Studies have shown that doing a regular exercise routine at your normal intensity would not cause you to tap into muscle mass for added energy, but if your goal is to increase your intensity (and if you want to achieve results, you’ll need to do this), then you will use valuable muscle to fuel your workout.
Schell says another downside to exercising fasted is that you’ll simply have less energy to push yourself harder. And while a study published in the Journal of Science and Medicine in Sport showed that the effects of fasted exercise are different on men than on women — they’re more beneficial for men — both groups showed decreased performance when they worked out on an empty stomach.
Plus, you run the risk of experiencing the natural effects of physical exertion without sufficient nutritional fuel: lightheadedness.
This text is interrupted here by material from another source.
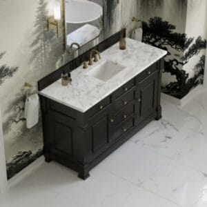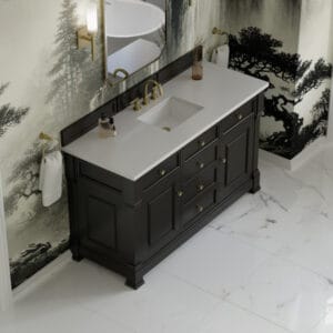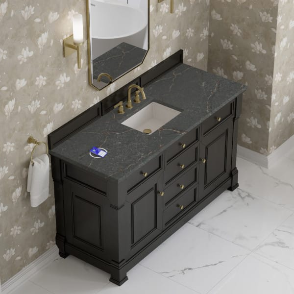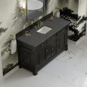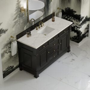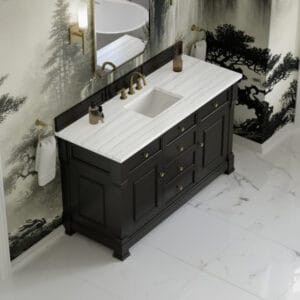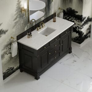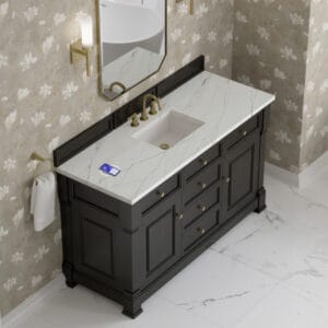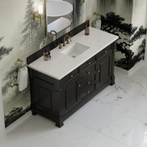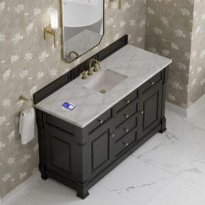 The Brookfield 60″ Single Vanity in Black Onyx, by James Martin Vanities, offers a blend of traditional elegance and contemporary sophistication. The raised panel picture frame doors and detailed corner molding reflect timeless craftsmanship, while the rich vanity finish and Champagne Brass hardware lend a fresh, modern appeal.

Experts also point out that since the body doesn’t like to be starved, your metabolism will respond to the increase in fat burn by slowing down. And the next time you eat, it will inherently store more fat to compensate for the loss.
Instead of hitting the treadmill or the running trail hungry, go for a breakfast that amounts to 200 to 300 calories, and includes a balance of protein, carbohydrates and fat.
“You want something that’s easily digestible but provides you with enough energy,” Schell says. “Try a banana with nut butter or a small smoothie with Greek yogurt, a piece of fruit and some protein powder. Overall, it’s pretty small in terms of volume but energy dense so you won’t crash.”
If you’re working out later in the day, Schell says there’s less risk of being in a fasted state, even if you ate at noon and are hitting the gym at 6 p.m., but you could supplement with a snack-sized meal about an hour before to top out your energy stores.